I thought it would be a good idea to post an update on where we are with the Pixie auction. Our first listing on Flippa ended without a winner. Rather than give up I have re-listed Pixie one more time to see what the outcome is. The second auction is due to end within the next week.

I also received an invite today for a service called Flattr. Flattr is one of the first services I have seen that addresses micro-payments sensibly. I am extremely interested to see what the implications of such a service are for the open source world. I am going to be testing Flattr right here. If your on board all you have to do is press this button:

I would also be very grateful if anyone had any suggestions for the future of Pixie. I am not overly hopeful that the auction will end successfully. If this is the case then I will be looking for new energy and ideas for the project. If you have any please post them in the comments. I am looking for project management ideas and volunteers rather than feature suggestions.

And finally we are still looking for feedback on the 1.05 beta. You can download and give us feedback on this version of Pixie in the forums.

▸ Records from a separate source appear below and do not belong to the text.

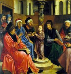 | Keywords: Quentin Metsys - Menino Jesus entre os Doutores.jpg Artwork Creator Quinten Massijs I Jesus Among the Doctors Menino Jesus entre os Doutores - 1509 1511 technique oil canvas cm 62 5 80 5 Institution Museu Nacional de Arte Antiga http //www matriznet ipmuseus pt/MatrizNet/Objectos/ObjectosConsultar aspx IdReg 250975 EntSep 5 gotoPosition Museu Nacional de Arte Antiga Other versions PD-old-100 Paintings by Quinten Massijs I Paintings of Jesus Christ among the doctors 1510s paintings Flemish paintings in the Museu Nacional de Arte Antiga Paintings of church interiors 16th-century oil on canvas paintings 16th-century paintings of Jesus Christ Male fur headgear in art Paintings by Quinten Massijs with fur Squirrel clothing in art Columns in art 1500s paintings People with books in art 16th-century paintings in the Museu Nacional de Arte Antiga |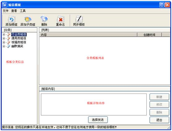1.新建:将”短信内容框“中的短信作为一条新的短信模板添加到指定的分类中。(注意:只能在个人分类中新建短信模板)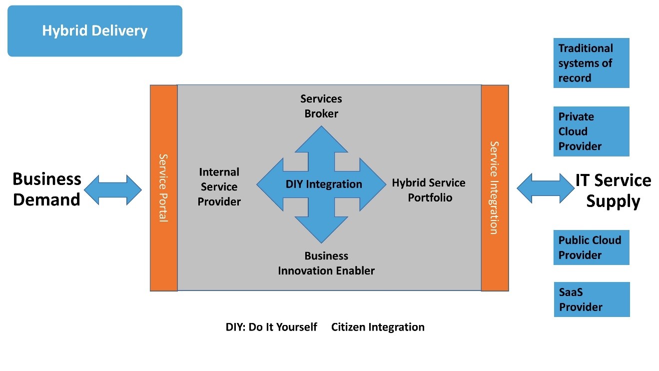 Business appreciates the ease of being able to order cloud services from providers such as Amazon. They want the same ease of provisioning for all their IT services. Hybrid Delivery must operate in the same way. A Hybrid IT Service delivery model acknowledges that all IT services are no longer delivered from within the walls of an IT organization. Services now can come from the public cloud, SaaS providers, private clouds, virtual private clouds, and traditional services. In a Hybrid Delivery Model, IT must become a one-stop shopping source for all IT services.

By Pixie Admin Last updated: 20 September 2010, 11:27

Comments

Gravatar Image #1 Enrique 2723 days ago.

I agree with the thought process that before you add new features, you should step back and review your approach and the way you do things. If the foundation isn't strong, the structure won't last. First off, one person, or even a few people, can't run the show. Eventually, you have to engage the community. And in order to do that you have to trust them and communicate with them. Communication being the most time consuming part is always difficult. Point is you’ll have to trust people to do things for you. It may sound difficult because you may be accustomed to certain standards when you do things at your own. But that’s really how it goes. Secondly, you can't run a project successfully or long enough if you don't have the financial backing for it. And I think the approach that you have taken is the right one, which is to build a commercial entity which provides services related to Pixie. And the development, which is paid by clients, can make its way back to the community. Also, there are other things that open source projects do to raise money or to support development. Having a store is one of them. Publishing a book or technical videos about your product can be another. These are not direct methods so someone who knows what he/she is doing is an ideal candidate for managing the store. Now there are a few things that can really use some attention or a new strategy. a. Forums: I personally hate huge forums i.e. phpBB, IPB, SMF, but they're a necessity if you're serious about building a community. A Google group to me doesn’t really work that well in community development. And that's just my experience. A forum that is within your website can really build trust and engage people for longer periods. b. It may feel odd but you really need to get a little more social media involved. Twitter isn't all the social action you can get. A person who can engage with marketing is always needed. And social media is the new marketing. So if you wish to sustain social media, without burning out, you'll have to trust people to market for you or you don't and it won't hurt but it wouldn't help either. In an open source project, you need all the help you can get.